其针对数据流的分布式计算提供了数据分布,数据通信及容错机制等功能。
🍎 二: Flink 运行模式
FLink on yarn 有三种运行模式:
yarn-session模式(Seesion Mode)
yarn-cluster模式(Per-Job Mode)
Application模式(Application Mode)
【温馨提示】Per-Job 模式(已弃用),Per-job 模式仅由 YARN 支持,并已在 Flink 1.15 中弃用。它将被丢弃在FLINK-26000中。
🍏 三: Flink on k8s实战操作
session模式
Flink Session 集群作为长时间运行的 Kubernetes Deployment 执行。你可以在一个Session 集群上运行多个 Flink 作业。每个作业都需要在集群部署完成后提交到集群。 Kubernetes 中的Flink Session 集群部署至少包含三个组件:
- 运行JobManager的部署
- TaskManagers池的部署
- 暴露JobManager 的REST 和 UI 端口的服务
创建和启动Session集群
1:创建flink conf configmap 资源
flink-configuration-configmap.yaml
apiVersion: v1
kind: ConfigMap
metadata:
name: flink-config
labels:
app: flink
data:
flink-conf.yaml: |+
jobmanager.rpc.address: flink-jobmanager
taskmanager.numberOfTaskSlots: 2
blob.server.port: 6124
jobmanager.rpc.port: 6123
taskmanager.rpc.port: 6122
queryable-state.proxy.ports: 6125
jobmanager.memory.process.size: 1600m
taskmanager.memory.process.size: 1728m
parallelism.default: 2
log4j-console.properties: |+
# This affects logging for both user code and Flink
rootLogger.level = INFO
rootLogger.appenderRef.console.ref = ConsoleAppender
rootLogger.appenderRef.rolling.ref = RollingFileAppender
# Uncomment this if you want to _only_ change Flink's logging
#logger.flink.name = org.apache.flink
#logger.flink.level = INFO
# The following lines keep the log level of common libraries/connectors on
# log level INFO. The root logger does not override this.
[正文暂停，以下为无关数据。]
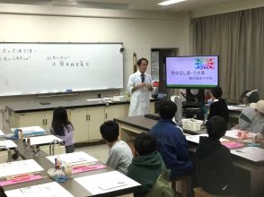小学生には授業体験で、「レインボースコープ」を作成してもらいました。
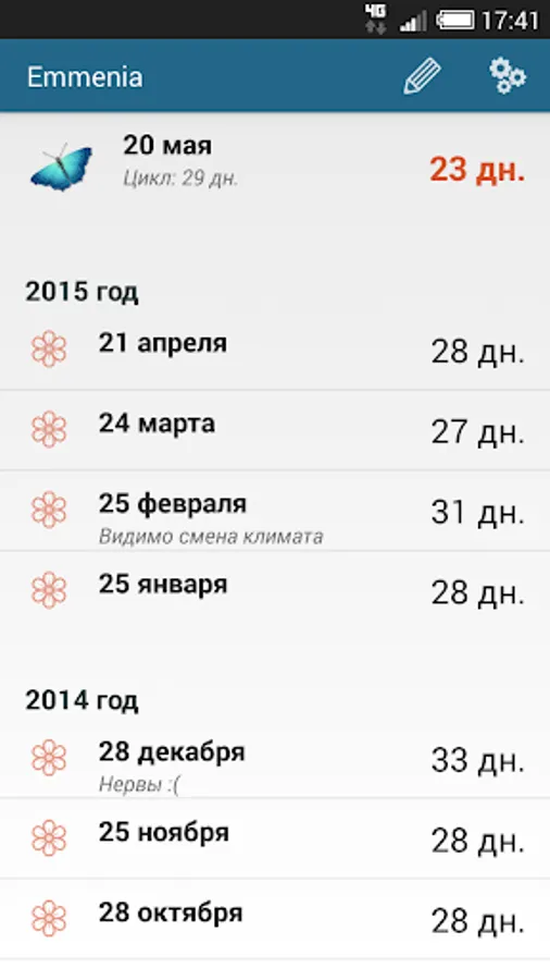 Emmenia - a simple calendar for women. Celebrate the first day of the month, the program will automatically calculate your cycle and suggest the following dates.

You have to manually
# change the log levels here.
logger.akka.name = akka
logger.akka.level = INFO
logger.kafka.name= org.apache.kafka
logger.kafka.level = INFO
logger.hadoop.name = org.apache.hadoop
logger.hadoop.level = INFO
logger.zookeeper.name = org.apache.zookeeper
logger.zookeeper.level = INFO
# Log all infos to the console
appender.console.name = ConsoleAppender
appender.console.type = CONSOLE
appender.console.layout.type = PatternLayout
appender.console.layout.pattern = %d{yyyy-MM-dd HH:mm:ss,SSS} %-5p %-60c %x - %m%n
# Log all infos in the given rolling file
appender.rolling.name = RollingFileAppender
appender.rolling.type = RollingFile
appender.rolling.append = false
appender.rolling.fileName = ${sys:log.file}
appender.rolling.filePattern = ${sys:log.file}.%i
appender.rolling.layout.type = PatternLayout
appender.rolling.layout.pattern = %d{yyyy-MM-dd HH:mm:ss,SSS} %-5p %-60c %x - %m%n
appender.rolling.policies.type = Policies
appender.rolling.policies.size.type = SizeBasedTriggeringPolicy
appender.rolling.policies.size.size=100MB
appender.rolling.strategy.type = DefaultRolloverStrategy
appender.rolling.strategy.max = 10
# Suppress the irrelevant (wrong) warnings from the Netty channel handler
logger.netty.name = org.apache.flink.shaded.akka.org.jboss.netty.channel.DefaultChannelPipeline
logger.netty.level = OFF
log4j-cli.properties: |+
rootLogger.level = INFO
rootLogger.appenderRef.file.ref = FileAppender
# Log all infos in the given file
appender.file.name = FileAppender
appender.file.type = FILE
appender.file.append = false
appender.file.fileName = ${sys:log.file}
appender.file.layout.type = PatternLayout
appender.file.layout.pattern = %d{yyyy-MM-dd HH:mm:ss,SSS} %-5p %-60c %x - %m%n
# Log output from org.apache.flink.yarn to the console. This is used by the
# CliFrontend class when using a per-job YARN cluster.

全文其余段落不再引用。